Прорвалось осенью, когда надо было возвращаться в институт, чего очень не хотелось, но признаться себе в этом было совестно. Тогда и пришел к нему Зеля и принес свою выписку. В выписке было написано — лимфогранулематоз. Слово-то какое! Как будто паровоз протащили по ржавым рельсам! Зеля, словно ничего не знал, шутил, скакал. А у Серого дрожали коленки и дрожали руки, державшие выписку. Но он был всего лишь пятикурсником и, видимо, не до конца разуверившимся, несмотря ни на что. В нем догорал вчерашний Серый, который бросился искать спасения. И спасать надо было не кого-нибудь, Зелю! Может, испытывают что-нибудь, жалко подумал Серый и зацепился за эту мыслишку, может, не в Москве, в Париже или в Америке. Из-под земли достанем! И Серый понесся к невестке академика Кассирского. Она когда-то, на втором курсе, вела у Серого микробиологию. Она не откажет передать выписку академику. Если академик не знает, тогда никто не знает. Не верилось, что нет средства остановить Зелину болезнь. Через неделю невестка академика вернула сложенные вчетверо, потертые на сгибах бумаги, и покачала головой. Рукой Кассирского были вписаны названия двух препаратов, но Зеле их давно достали. Но еще до этого было страшно. Когда поехали на футбол, в Лужники. Матч был — глаз не отвести, играло киевское Динамо. Посмотрел тогда Серый на азартного, орущего Зелю. И увидел смерть. Зеля-то сам ни капельки не изменился, разве похудел чуть-чуть. А Серый понял, что очень скоро Зеля умрет. Летальную маску увидел Серый, фациес леталис, серое, мокрое, костистое Зелино личико, плывущие зрачки, слипшиеся рыжие волосы, потом увиделся Зеля в гробу, лицо опухшее, но успокоенное, глаза закрыты. Как гипсовый слепок. Это было страшное открытие. Но с тех пор Серый знает за собой эту способность — на самом цветущем лице он увидит близкий конец, если тому суждено быть. За месяц, за два, за полгода увидит этот конец Серый, и не нужно ему никаких обследований. Он знает точно, не поможет никто, умрет человек.

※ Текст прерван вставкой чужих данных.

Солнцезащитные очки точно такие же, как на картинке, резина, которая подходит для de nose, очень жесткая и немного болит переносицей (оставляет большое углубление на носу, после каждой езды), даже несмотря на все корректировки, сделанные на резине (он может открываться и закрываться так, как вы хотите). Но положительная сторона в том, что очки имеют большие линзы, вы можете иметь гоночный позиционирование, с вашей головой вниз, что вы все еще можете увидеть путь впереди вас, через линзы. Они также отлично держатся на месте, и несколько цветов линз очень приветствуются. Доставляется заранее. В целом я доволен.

У Зели была генерализованная форма, он сгорел быстро, и в гробу был точно такой, каким представил его Серый тогда, в Лужниках. Стылый был ноябрь, бесснежный, замороженный асфальт каленым холодом вползал в душу. На поминках Серый напился. Кто-то задел стопку покойного, она опрокинулась, вино пролилось на белую скатерть, и расползлось большое вишневое пятно. Это расстроило Серого совсем. Помнит он еще, что на лестнице, когда курили, держал он кого-то за лацканы пиджака, тряс и, сбиваясь на свистящий шепот, кричал: «Мы ж ничего не знаем! Мы ничего не умеем!»

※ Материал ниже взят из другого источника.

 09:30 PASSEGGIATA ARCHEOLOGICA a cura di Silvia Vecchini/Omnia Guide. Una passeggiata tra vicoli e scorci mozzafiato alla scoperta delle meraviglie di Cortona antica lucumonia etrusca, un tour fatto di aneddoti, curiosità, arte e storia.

Прорвался нарыв. Тогда он и возненавидел, раз и навсегда, — все и разом, — клиники, их размеренную академическую тягомотину, белые крахмальные воротнички и, туда же, белые крахмальные халаты, сюсюканье с кафедр, прихлебывание чая и рассуждения о патогенезе болезней, про которые, теперь Серый знал это твердо, и понятия никто не имеет, возненавидел весь этот наукообразный орнамент. И в нем шиш с маслом, называемый врачебной наукой. Прорвалось — профессорские свиты, ритуальное подавание полотенца, жреческое закатывание глаз, набитый терминами язык, которым он и сам еще вчера щеголял, как последний фанфарон, все — обман. Обман.
В лабораторию он больше не пошел. Идей не прибавилось, институт свое сделал. А выуживать из пробирок какие-то там показатели при каких-то болезнях было совестно.
Надо было немедленно что-то начинать. Ощутимое. Руками. Головой. И, когда на распределении ему предложили «скорую», он подписал, не задумываясь. «Скорая» дала движение, возможность изводить себя трудом пахаря. Она дала усталость поработавшего всласть трудяги. Она давала пусть какой-нибудь, но немедленный результат.
Вернулись, когда совсем смеркло. Был пересменок, и подстанция в этот ударный час гремела. Далеко разносился окрепший за день голос Зинаиды. Вылезали с заднего двора ночные машины, шастали по размякшему снегу черно-белые, черные шинели и белые халаты, все окна сияли в ночи — окна диспетчерской, и врачебной, и конференц-зала. И распирало оттого, что за сияющими окнами прыгают и стонут на плитах выкипающие чайники.